> Alan asks:
> Who then pays for the schooling of a poor kid in downtown DC or rural West
You are assuming that the quality of the education (poor) children are
receiving is worth the money that the government is spending and that
no schooling would leave multitudes (of poor) not knowing what to think.
Real education is not a very expensive venture. Real knowledge can be
obtained quite cheaply.
> The "government" is nothing more (nor less) than the collective
> will of the individual people of a country.
I recall learning that the government force children out of their
parents homes to go be 'educated' and that the illitercy rates
have never again been as high as they were prior to forced schooling.

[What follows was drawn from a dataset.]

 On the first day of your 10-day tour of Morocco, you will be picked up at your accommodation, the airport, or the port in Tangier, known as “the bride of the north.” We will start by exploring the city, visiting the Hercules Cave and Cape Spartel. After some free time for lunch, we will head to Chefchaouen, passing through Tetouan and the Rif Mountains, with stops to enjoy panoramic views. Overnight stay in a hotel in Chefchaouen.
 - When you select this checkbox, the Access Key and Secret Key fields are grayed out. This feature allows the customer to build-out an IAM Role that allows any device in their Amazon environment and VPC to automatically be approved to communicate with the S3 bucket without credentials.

Today, we have a majority who have been educated to do as they are
instructed and they comply by sending their babies to school because
that is what their parents did and what everyone else does and since
it was good enough for them it is good enough for their kids.

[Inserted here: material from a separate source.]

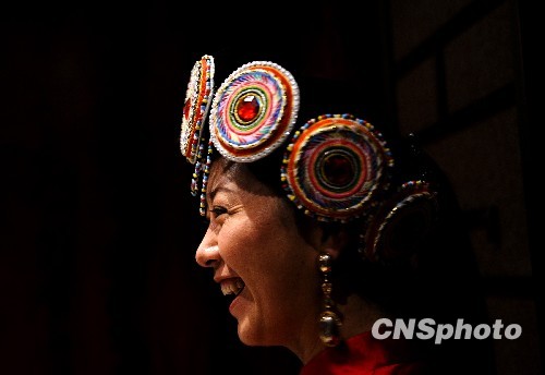 3月7日,来自云南的纳西族女代表杨劲松参加十一届全国人大三次会议云南代表团全体会议,会议间隙接受记者采访时她说“此次会议她提交了文化产业的相关议案,期待丽江古城这样的景点能够返璞归真。”中新社发 廖攀 摄

> You will notice that in my plan,
> the "government" has no role in setting policy or procedures at any
> school...just in being the vehicle for the society at large to express its
> belief in the necessity of the universality of being educated by funding the
I wish that I could believe this would be a real possibility.
> The individual parents (and kids) would be able to vote with their
> feet for the best ones.
That IS what is necessary. Only, I agree with Scott, that there will
not be a real choice because all schools will be required to meet
minimum government standards to qualify.